COVID-19 symptoms vary widely, ranging from asymptomatic in some patients to fatal in others. Elucidating the role of human genetic variation could result in a better understanding of susceptibility to infection as well as differences in patient presentation and outcomes.

Three studies addressed human genetics and COVID-19 susceptibility and severity. In the first, Jack Kosmicki, Regeneron Genetics Center, and colleagues presented the results of the largest trans-ancestry exome sequencing study of COVID-19 to date. In a replication of previous findings, the researchers identified the 3p21.31 locus and suggested it contributes to variability in severity. The group failed to replicate an association between COVID-19 and the ABO locus, suggesting that the previous finding may have been a false positive. Beyond previously reported associations, Kosmicki and colleagues also identified three novel loci and three genes associated with COVID-19.
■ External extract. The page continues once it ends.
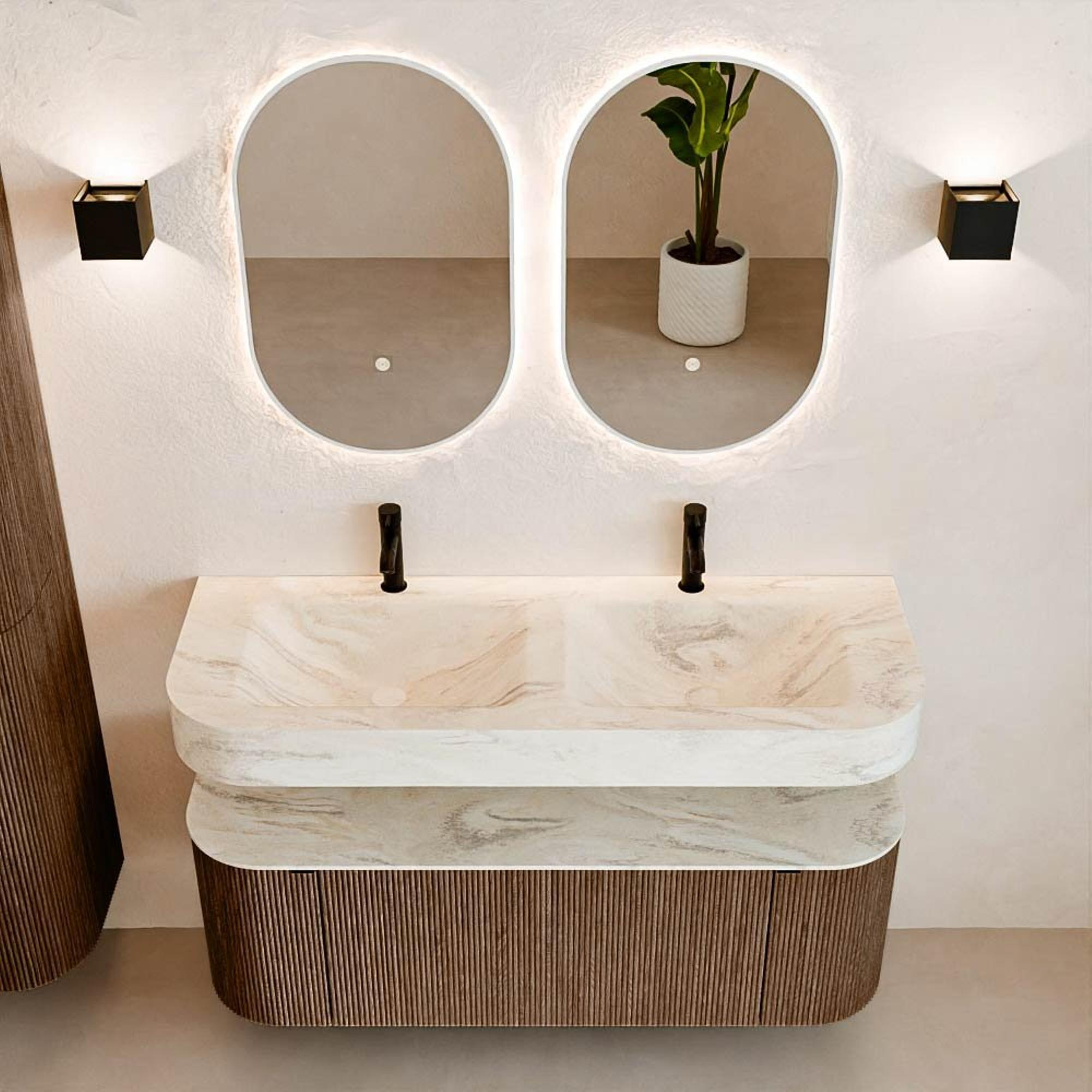 MONDIAZ THOR-DLUX 130cm badmeubel ronding links + rechts kleur Walnut met 1 lade en 2 deuren. Vrijhangende wastafel CLOUD Dubbel 2 kraangaten kleur Ostra.

In the second, Andrea Ganna, Institute for Molecular Medicine Finland, and colleagues reported a meta-analysis from the COVID-19 Host Genetics Initiative, a collaborative, international effort to bring together the human genetics community to generate, share, and analyze data related to COVID-19. They identified a genetic variant on chromosome 3 that was strongly associated with disease severity but not susceptibility. Like all of the Initiative’s results, these are immediately available on its website without any restriction of use.

The third study, presented by Gita Pathak, Yale University, suggests the involvement of several biological mechanisms in COVID-19 induced hospitalization. In addition to identifying six COVID-19-associated genes in two chromosomic regions, the researchers uncovered associations with laboratory readings — such as LDL cholesterol and cortisol levels and monocyte count — that are consistent with markers of inflammation. Together, these studies point to exciting areas for future research. For instance, all three groups identified chromosome 3 as a susceptibility locus but further work is needed to work out the mechanism.

In another COVID-19 related study, A. Rouf Banday, National Cancer Institute, National Institutes of Health, reported the discovery of a novel variant of the enzyme ACE2, which the virus SARS-CoV-2 uses to enter target cells. The researchers showed that this variant called dACE2, but not ACE2, is induced by interferons and viral infections, including SARS-CoV-2. The findings are important to consider for future therapeutic strategies and understanding susceptibility and outcomes of COVID-19.